Adam Tyler, Chairman of the National Association of Commercial Finance Brokers (NACFB), offered his thoughts: “Combating Advance Fee Fraud was one of the main reasons the NACFB was set up and over the years before this latest recession, we had virtually eradicated this from our industry.
“Whether it is a broker or lender, charging excessive fees whether up front or overall is clearly something that should be eliminated from the industry. However, there has to be some form of appraisal fee in place to cover the initial amount of work spent evaluating a case.
“In straight forward deals, it may not be necessary to charge a fee at all. I will usually be able to tell within 10 minutes of looking at a case whether the deal can be done or not, in such instances there is no real need to charge this fee.
“The NACFB has a Code of Practice for brokers’ in respect of upfront fees. For mid-range deals, the maximum fee is set at £495. For lenders this may be more due to much higher overheads.”
Adam stresses that a fair charging structure is at the crux of this issue. He added: “If we find there is a breach of our Code, we have powers of sanction with the ultimate penalty; the broker can be expelled from the NACFB, leading to a negative reputation across the industry.”
Providing a word of warning to those who may be charging excessive upfront fees, Adam drew our attention to a notable case law example, Wilson & Anor -v- Hurstanger Ltd (2007), which resulted in the lender having to refund unjustifiable fees.

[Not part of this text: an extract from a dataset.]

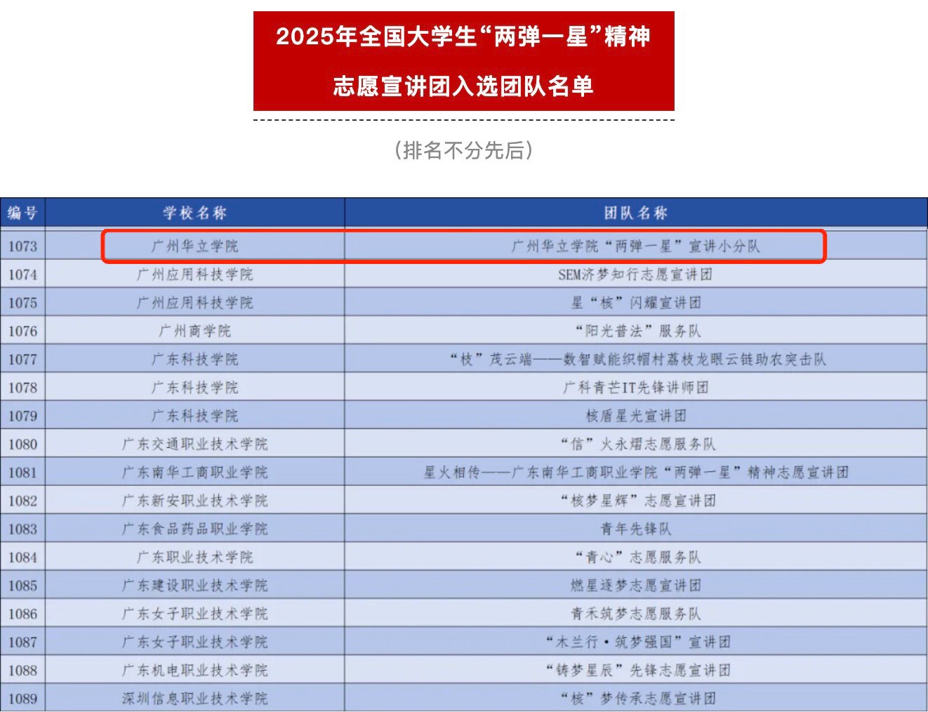 喜报!广州华立学院“两弹一星”宣讲小分队成功入选2025年全国大学生“两弹一星”精神志愿宣讲团

The Association of Short Term Lenders (astl) are currently reviewing this issue, and Chief Executive, Adrian Bloomfield, offered the astl’s position: “Currently it is considered that upfront and/or commitment fees must be transparent and proportionate and if applied they should intend to cover costs and not be a source of additional revenue.”
And, reinforcing the importance of this issue, Adrian added: “Upfront fees are currently under review and when a consensus has been reached the Association of Short Term Lenders (astl) may issue a position paper which will become part of its Code of Conduct. The astl’s membership rules oblige members to comply with its Code of Conduct.”

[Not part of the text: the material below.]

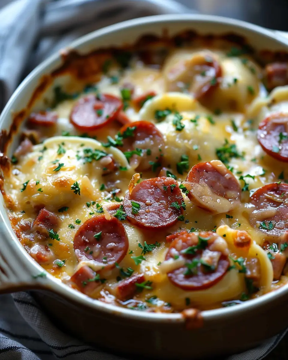 This casserole doesn’t just fill you up; it nourishes you too! With about 18 grams of protein per serving from the kielbasa and Turkey bacon, it helps repair and build tissues. Plus, the mix of potatoes and cheese contributes approximately 4 grams of fiber, aiding digestion and keeping you full longer.

And so, the consensus across the entire industry, including brokers, lenders and associate bodies, suggests that upfront fees are both a fair charge and at times even necessary to progress a deal but only when they are completely transparent.

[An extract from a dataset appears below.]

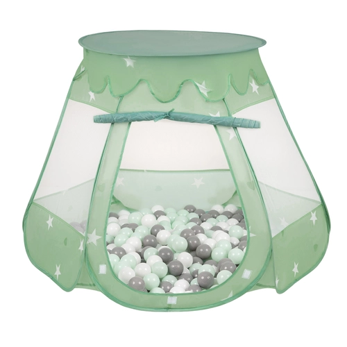 Tente Château Pour Enfants Tente de Jeu Avec Balles Colorées Jouet Cabane Pop-up Château Facile À Monter Maison de Jeu Pour Intérieur et Extérieur, menthe:blanc/gris/menthe, 105x90cm/600 balles

Yet, it has become apparent that there is still a vast area uncertainty surrounding upfront fees with the industry, with some lenders wary about levying this fee as not discourage potential clients.
Thus, flexible charging structures are key, with each loan tailored specifically to the individual merits of the deal, providing further emphasis for brokers to become familiar with the diverse range of products currently on offer in the market.